Coronavirus Milano, code e carrelli in fila ai supermercati

08 mar 2020

Ingressi contingentati, si entra solo a piccoli gruppi e senza affollare i reparti. Siamo a Milano davanti ad un supermercato e la spesa si fa così, dopo il decreto del Governo che ha introdotto misure restrittive per la Lombardia. Gli addetti alla sicurezza controllano che le distanze di almeno un metro, vengano mantenute fra le persone, anche se non sempre è possibile far rispettare le regole. La gente arriva ed è un po' preoccupata dopo la decisione di allargare la zona rossa a tutta la regione e a 14 province. Qualcuno si è precipitato al supermercato per fare le scorte, altri ci dicono che è giusto cambiare le proprie abitudini e uscire il meno possibile. La battaglia per combattere il coronavirus è solo all'inizio. Io ho un negozio e sono sempre con l'alcol in mano a pulire. Beh, è chiaro che ci sono delle limitazioni alla libertà, però insomma, credo che siano necessarie perché è per il bene comune alla fine.
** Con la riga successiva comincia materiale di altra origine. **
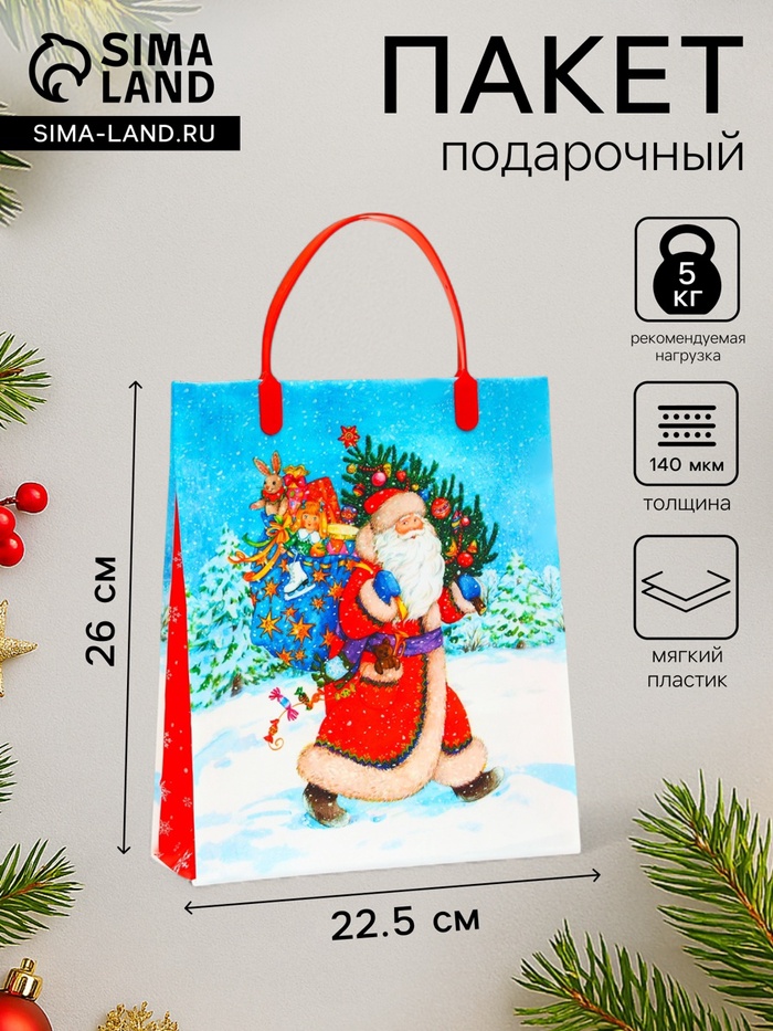 Этот яркий и прочный подарочный пакет станет идеальным решением для упаковки новогодних подарков. Выполненный из мягкого пластика толщиной 140 мкм, он обладает высокой прочностью и выдерживает значительные нагрузки, что делает его универсальным для самых разных подарков — от игрушек и сладостей до книг и косметики.
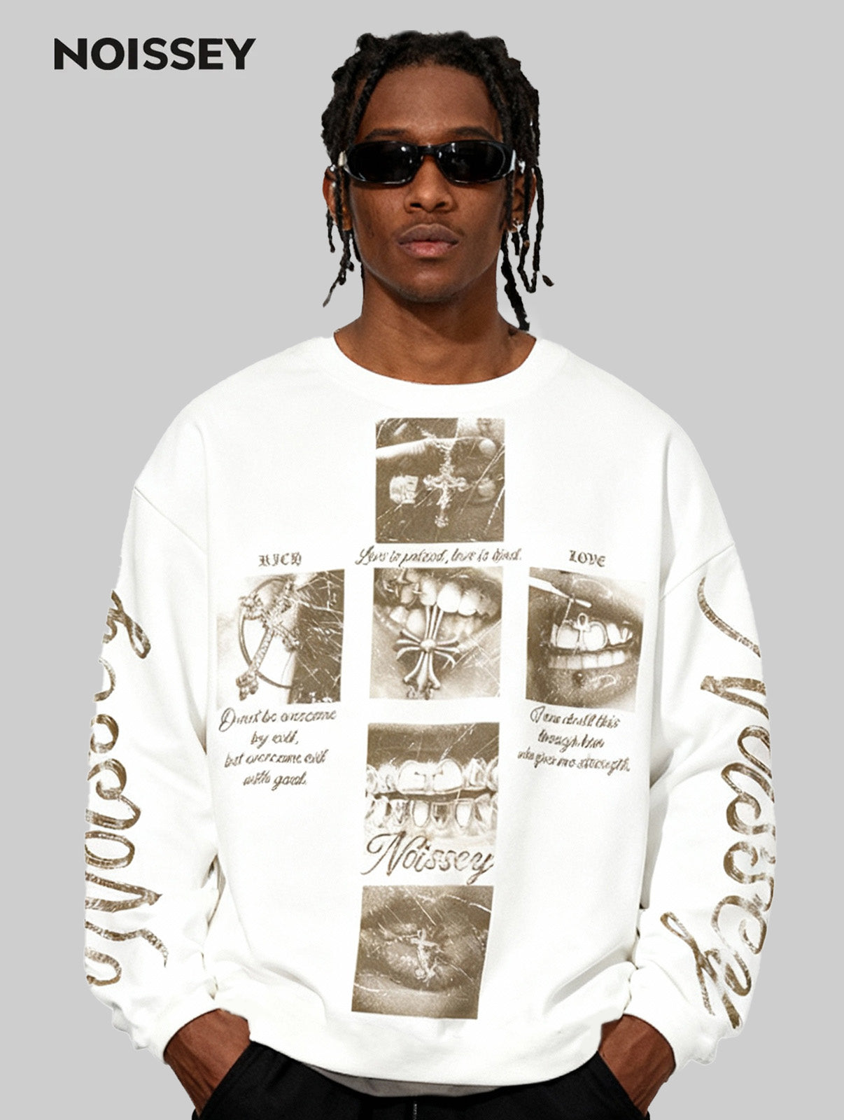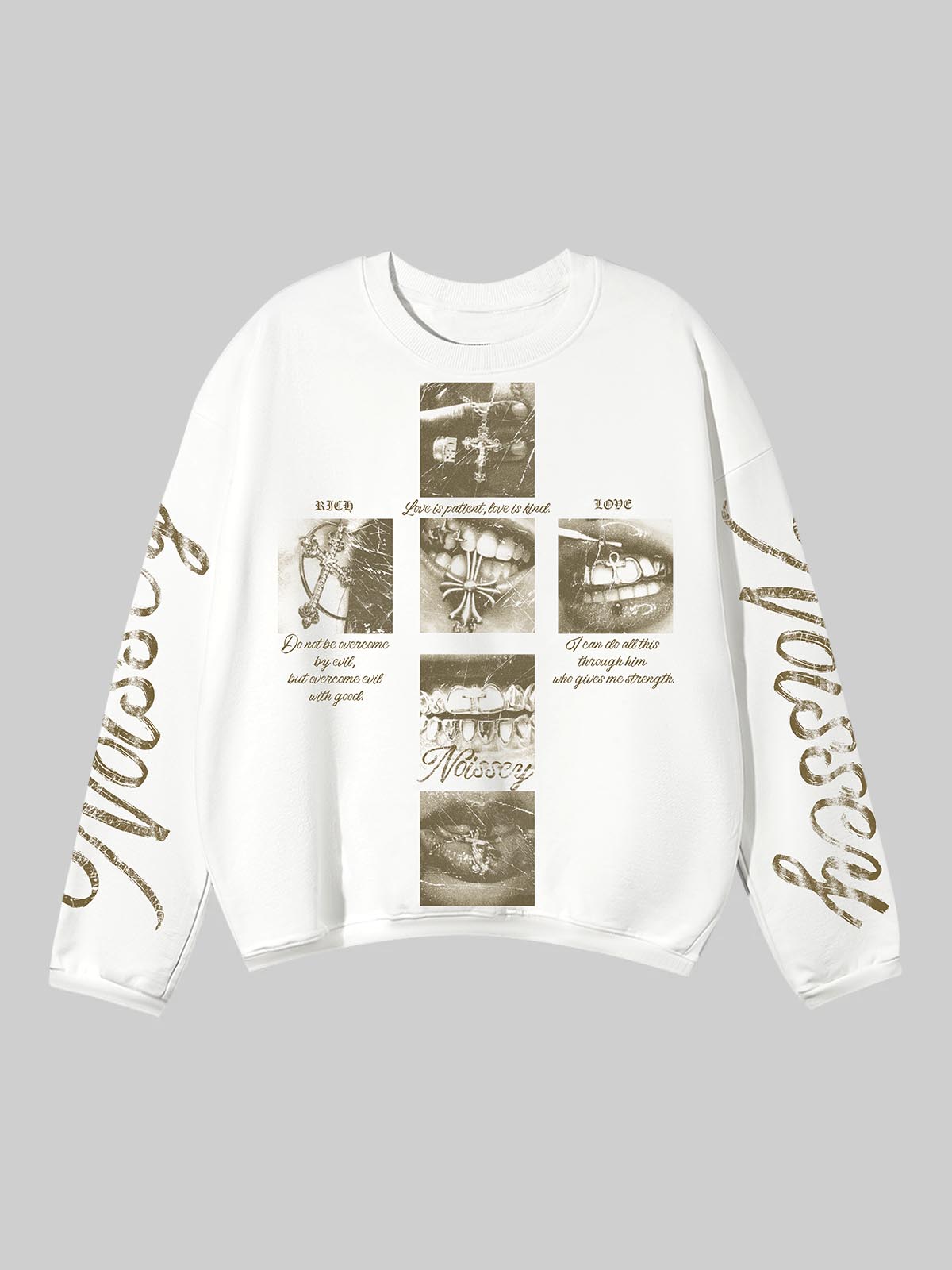 Retro cross print, full of trendy vibe! Air-layer fabric is light, breathable, and warm. Long sleeves suit various occasions. Stand out wherever you go!
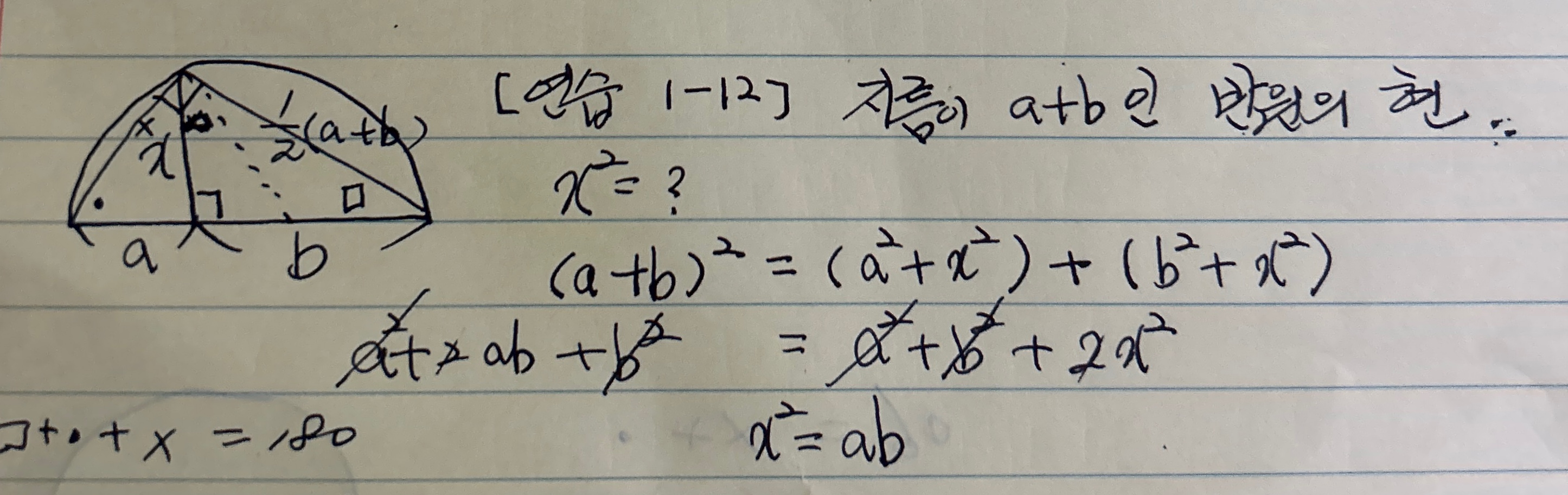 아래 문제에서 반원의 현의 길이의 제곱은, a x b다.

Siamo venuti un po' di proposito per cercare, per evitare di uscire il meno possibile. È una domenica 8 Marzo senza cortei. La città è silenziosa. Le strade sono deserte e anche sui Navigli, dopo la ressa del sabato sera è tornata la calma. In giro si vede gente con le borse della spesa. Qui fanno entrare un po' di persone alla volta, è la prima volta che lo vedo. La settimana scorsa non era così. Per me cambierà, io comunque continuerò a lavorare da casa come ho fatto nelle ultime settimane. Però, sono bloccato diciamo qui, non scenderò giù in Sicilia per adesso. L'appello del Sindaco di Milano, Beppe Sala, è stato chiaro. Occorre dare una dimostrazione di realismo e di buonsenso e per farlo si deve restare a casa.